The peculiarity of Babaev as an artist is in that he, on the one hand, develops rich decorative trend in Uzbekistan painting, and, on the other hand, boldly rejects the standards of easel painting, striving to go beyond the boundaries of plane presentation into a three-dimensional space. He is very harmonious in colouring that is associated with bright modulations of suzane rugs and mysterious shining of satins. Simplistic motifs communicated through a conventional language of patterns turn into a sunny, harmonious and happy world in the artist’s works.

As any contemporary artist of post-modernism era, Babaev’s art shows elements from the great diversity of traditions. These elements are boldly interpreted, and although not very evidently manifested, they pulse implicitly, giving his art its national peculiarity.

The “On the Sunny Side” exhibition also presented an exposition called “FOTO ICONS”. Kamoljon’s interest towards photography emerged as early as during his years in the Italian academy in Como. Thinking of painting and of what new say he could have in it, the young artist turned to photography at the same time. This is not an ordinary photography, but a kind of a photo-collage: many strokes that ultimately generate a wholesome composition.
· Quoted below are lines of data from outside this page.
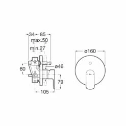 Carla Steel bath 1600 x 700mm without anti-slip, excluding legs and grips 2 tapholes
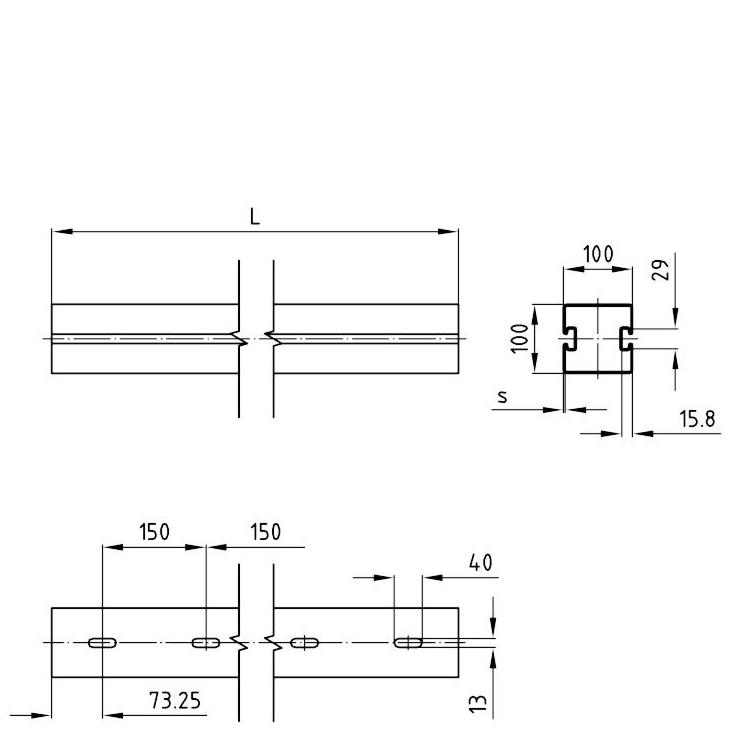 MU-131608 MPT-Montageskinne Q100/2,5mm 6.000 mm, 2SL. Varmgalvaniseret60002.5 CAD/Step
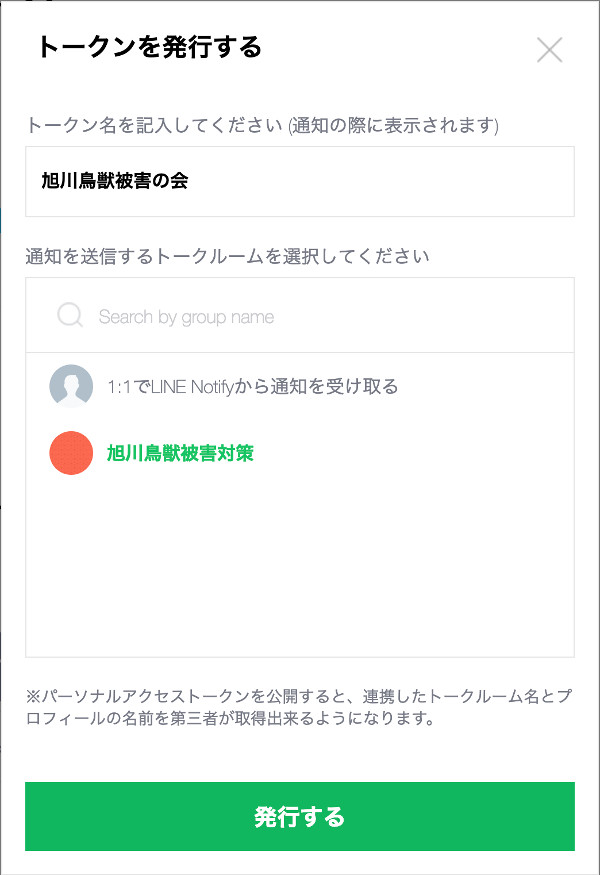 4.業務名などわかりやすいトークン名を入力し、あらかじめ作成したLINEグループを検索するか、自分のみ受け取る場合は「1:1でLINE Notifyから通知を受け取る」をクリックし、「発行する」をクリックしてください。
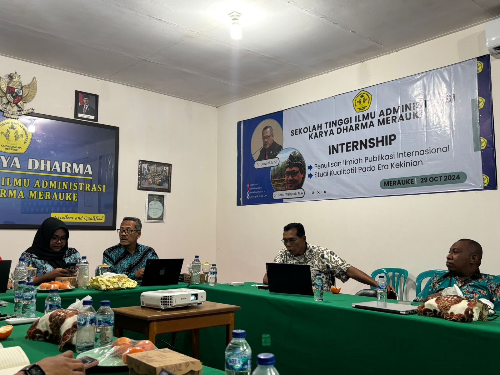Intership yang diadakan oleh STIA Karya Dharma sebagai bentuk awal dari penandatanganan MoU bersama Universitas Merdeka Malang. Program internship ini bertujuan untuk membekali peserta dengan keterampilan yang diperlukan untuk menghasilkan publikasi ilmiah internasional berkualitas tinggi, khususnya dalam ranah studi kualitatif. Para Dosen diajak untuk mendalami metodologi penelitian kualitatif terkini, teknik penulisan ilmiah yang efektif, serta strategi publikasi di jurnal internasional bereputasi.

This technique is akin to a children’s mosaic. For example, such are his works “Granny Munawar” (2004) and “Mom, I Love You!” (2007). The artist shapes his compositions by putting them together by piece-fragments; it is a meticulous operation that gives the effect of a piece assembled of separate frames.

The exhibition displayed about twenty photo-collages on different domestic themes: “Granny Jamila” (2007), “The Teachers” (2007), “Vinogradnitsa” (2004), “Heavenly Makhal-la” (2007), “A Day in Mitrofanov” (2007). Among his works of this group the most interesting one is “The Uzbek Family. Chingiz and Nigora” (2004), where we can see the artist’s brother and his spouse bearing a child under her heart, and next to them a fruit composition of pomegranates, apples and grapes – classic symbols of fertility. At the same time, “Western” theme is also resonant in his works, as an echo of his European travels: “3 Panillani Street” (2006), “Gen-ova. Sea” (2004), “Genova. Sea. Dream” (2004), “Paris. The Eiffel Tower” (2008), “Basilica of the Sacred Heart” (2008)…

Babaev’s collages are a kind of photo-painting where every frame functions as individual brush stroke. It should be noted that computer-based Photoshop treatment and montage are either absent, or used only partly where it was absolutely essential. All compositions are assembles manually, with maximal keeping of the sense of time and place. Characteristically, the artist’s signature is recognizable both in photography and painting.

Kamoljon Babaev is a modern intellectual who feels equally at ease in a subtle oriental world and in the context of pragmatic western culture. One may call him an all-round artist, and that is the uniqueness of his artistic personality. His dynamic creative activity and multidirectional search have resulted in his offering a new trend, having created a kind of a synthesis between photography and painting.

According to Kamoljon Babaev, his device is the words of a great Russian writer Andrei Platonov: “It is not the talent but humaneness that creates Art”.